Yo no necesité imaginarlo. Para iniciar la subida al Huayna también hubo que esperar cola, aunque menor porque no todo el mundo está dipuesto a hacer el esfuerzo de subir allá arriba o de pagar el dinero extra que ello supone, pero al bajar para hacer la visita a la ciudadela poco antes de media mañana aquello ya rebosaba gente por todas partes. Hombre, no llegaba a los niveles de, por ejemplo, la Acrópolis ateniense, pero quienes damos cien vueltas buscando el mejor plano del monumento para fotografiarlo sin nadie lo teníamos complicado (en plano general lo conseguí, como ven en la imagen; de cerca fue más difícil).

Y es que en los puntos más destacados del sitio, como la Piedra Sagrada, el Templo del Cóndor, el Palacio Real, la Cámara de los Ornamentos o el Templo del Sol entre otros, había que esperar a que terminara su explicación el guía del grupo precedente para poder ver algo. En el Intihuatana la cosa fue aún más grave porque coincidí con una legión de japoneses empeñados en retratar hasta la última brizna de hierba y escuchar no sólo a su guía sino también al mío, aunque se supone que no entendían ni una palabra.

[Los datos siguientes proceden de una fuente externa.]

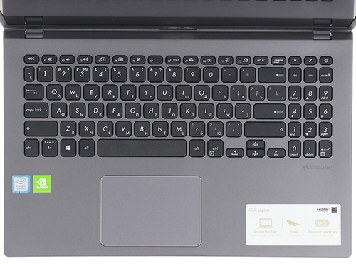 ДизайнНеудивительно, что ASUS VivoBook R521FL получил целиком и полностью пластиковый корпус – как минимум, к этому следует быть готовым, учитывая стоимость устройства. Да и сам материал исполнения среднего качества, в области дисплея он заметно прогибается, даже при несильном давлении. Но стоить отдать должное выбранному цвету оформления – серый выгоден с точки зрения ухода, так как отпечатки пальцев видны плохо. ![]() Из декоративных элементов можно отметить несколько хорошо видных логотипов производителя – на крышке с внешней стороны и дисплейной рамке в нижней части. Максимальный угол раскрытия корпуса лэптопа составляет 135 градусов, его довольно просто открыть одной рукой. Будем надеяться, что это не станет причиной расшатанности крышки со временем эксплуатации. Габариты устройства при весе 1.9 кг составляют 360х229х23.5 мм. Дисплей, звук, веб-камера15.6-дюймовый матовый дисплей ASUS VivoBook R521FL вполне комфортен для досуга и работы, так как даже при ярком солнечном свете блики и отражения не будут сильно докучать. Разрешение составляет 1920х1080 пикселей – оптимальный вариант, а вот TN-матрица объясняет невысокий ценник лэптопа. В результате мы имеем неширокие углы обзора, средний показатель максимальной яркости, достаточную контрастность и четкое изображение на удобной по размеру панели. ![]() Акустика, представленная в ноутбуке, реализована с помощью двух стереодинамиков. Качество звука отличное, он не искажается при изменении громкости, отличается четкостью. Есть поддержка технологии SonicMaster. Что до веб-камеры, то ее разрешение минимальное – всего 0.3 Мп, соответственно, рассчитывать на хорошую картинку при видеосвязи не приходится. ![]() Клавиатура и тачпадОстровная клавиатура лэптопа хорошо адаптирована для нужд пользователя. Здесь предусмотрен дополнительный цифровой блок, четкая контрастная маркировка и стандартная раскладка. Нажимаются клавиши с минимальным усилием, практически бесшумно. К сожалению, подсветка не предусмотрена, хотя очень актуальна при работе в темное время суток. ![]() Кликпад демонстрирует хорошую степень чувствительности и приятную на ощупь поверхность. Во время работы никаких проблем с коррекцией или скоростью срабатывания курсора выявлено не было, поэтому можно смело говорить о хорошем уровне манипулятора. ПроизводительностьASUS VivoBook R521FL-BQ241T (90NB0N11-M03160) поставляется с 64-разрядной операционной системой Windows 10 Home. За производительность отвечает двухъядерный процессор Intel Core i3-8145U с частотой 2.1-3.9 ГГц и 4 МБ кэша третьего уровня. Это энергоэффективный чип поколения Whiskey Lake-U с TDP 15 Вт, обладающий неплохим уровнем производительности, который может конкурировать даже с CPU Core i7 генерации Kaby Lake. Тем более для Core i3-8145U используется уже более современная интегрированная графика Intel UHD Graphics 620 с частотой до 1000 МГц и 24 юнитами. Если ее мощности будет недостаточно, комплектация ASUS VivoBook R521FL предусматривает наличие дискретной составляющей – NVIDIA GeForce MX250 с 2 ГБ видеопамяти GDDR5. Адаптер обладает умеренной производительностью, поэтому пойдут игры только более старые и менее требовательные. К примеру, при родном для лэптопа разрешении и средних настройках FIFA 19 2018 пойдет с 45 fps, World of Tanks enCore 2018 – с 50 fps. Также комплектация ноутбука предусматривает наличие 6 ГБ ОЗУ (12 ГБ максимально) стандарта DDR4-2400 МГц и HDD на 1 ТБ с частотой вращения шпинделя 54

En fin, Machu Picchu es bastante más grande que la Acrópolis y, aparte de las físicas, tiene establecidas limitaciones de acceso (al menos en teoría, como vemos); si no, no quiero ni imaginar el agobio. De hecho, cuando reservé la entrada on line el proceso fue tan complicado que llegué a pensar que la página web oficial era -es- deliberadamente enrrevesada (entre otras cosas no acepta la Ñ) para desesperar al usuario y obligarle a desistir, estableciendo así una primera criba.

Incluso la cima del Huayna Picchu estaba como dicen que está la del Everest con buen tiempo, es decir, sin apenas espacio -en un sitio ya de por sí escaso de metros cuadrados- para hacer la correspondiente panorámica o, simplemente, disfrutar de las vistas corroborando que mereció la pena subir hasta allí.

El problema -bendito problema- es que Machu Picchu supera cualquier expectativa que uno se haga, y en mi caso las expectativas eran estratosféricas. Así que si cualquier día de éstos puedo volver, aunque sea pegándome codazos para avanzar entre la multitud -japoneses incluidos-, lo haré sin pensarlo. O como dijo aquel aficionado taurino tras una desatrosa corrida de Curro Romero: «La próxima vez va a venir a verte tu padre… y yo también».